Debbie Ward joins a fam trip with Thai Airways and Tourism Authority of Thailand and discovers the intriguing and lesser-known north of the country has a lot to offer
Around my feet grey hands reach out of the depths of hell, grasping, imploring. As I shudder and continue on the bridge to heaven I recognise, with a shock, what appear to be the bladed fingers of Freddy Krueger.

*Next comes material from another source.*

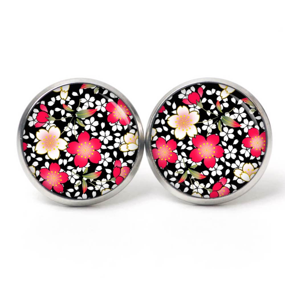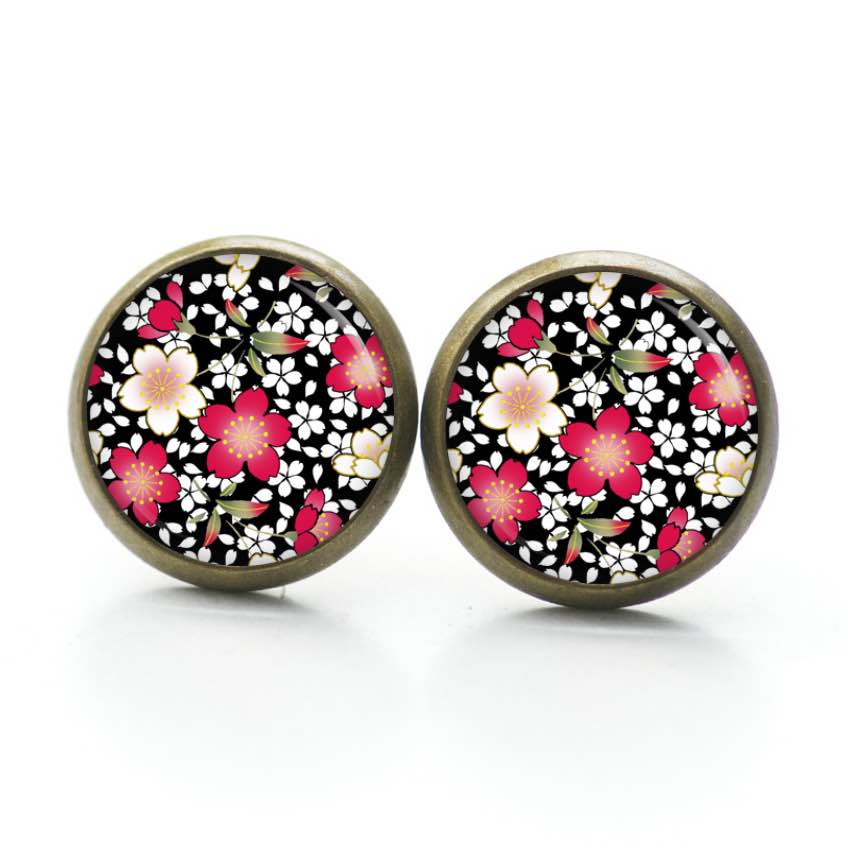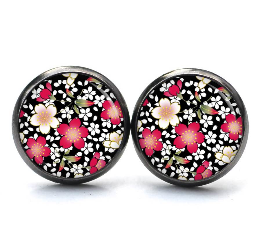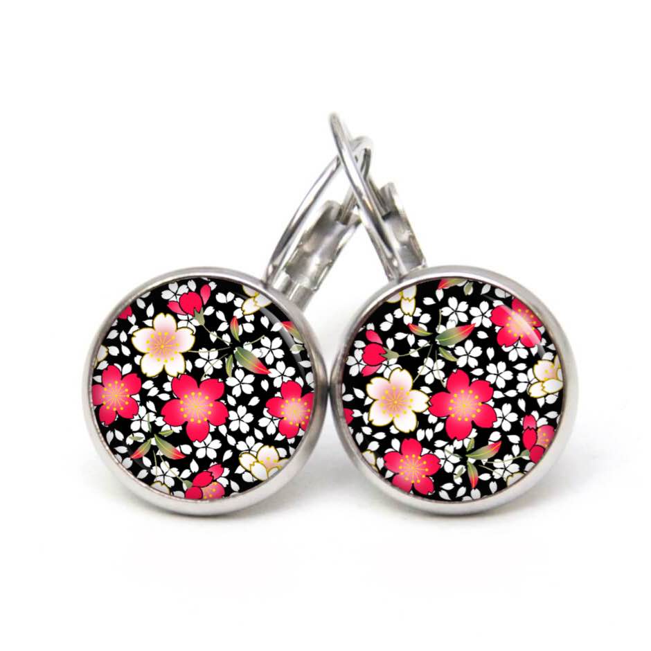 Druckknopf Ohrstecker Ohrhänger Clipse rote und gelbe Blumen

It’s a startling entrance to the Buddhist Wat Rong Kun or ‘White Temple’ at Chiang Rai and only a hint of its offbeat interior. Here, there’s a surreal spacescape populated by Pokemon, Michael Jackson, Lara Croft, Mutant Ninja Turtles and more. Outside, the trees are strung with the heads of superheroes and Johnny Depp’s Jack Sparrow.
The whole site, down to traffic cones topped with red skulls, is a Dali-meets-Banksy creation from local architect Chalermchai Kositpipat. It’s both bonkers and beautiful.

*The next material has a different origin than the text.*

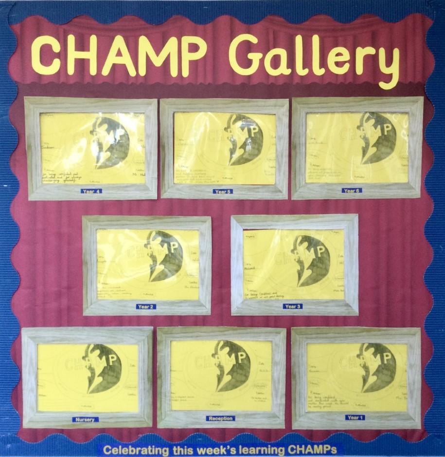 CHAMP is at the core of our school ethos. It has an extremely high profile and is interwoven in all aspects of school life. It has been cohesively built in to lessons, assemblies, displays, communication with parents, daily rewards, physical areas – the list is endless.

We spend the night soaking up panoramic views, cocktail in hand, at the smart rooftop bar of the Riverie by Katathani. The waterside resort is just a little out of town (a shuttle ride from Chiang Rai’s popular night market) and also boasts fun family-friendly features like a splash pool. From here though, we’re leaving city luxuries behind to head into a lesser-travelled part of Thailand’s mountainous far north.

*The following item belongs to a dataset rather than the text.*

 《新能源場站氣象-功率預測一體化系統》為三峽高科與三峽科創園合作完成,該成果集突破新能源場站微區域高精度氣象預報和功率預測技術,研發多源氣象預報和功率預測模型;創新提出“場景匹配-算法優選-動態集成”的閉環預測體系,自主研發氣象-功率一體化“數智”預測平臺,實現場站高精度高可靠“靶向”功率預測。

Around 10% of UK tourists add a couple of days in Chiang Mai or Chiang Rai and perhaps a visit to the Golden Triangle, where Thailand meets Laos and Myanmar, to a typical Bangkok-and-beach holiday. Even fewer explore further. Yet the region was all over the news in 2018 when the young Wild Boars football team were recruited from the flooded Tham Laung (great caves).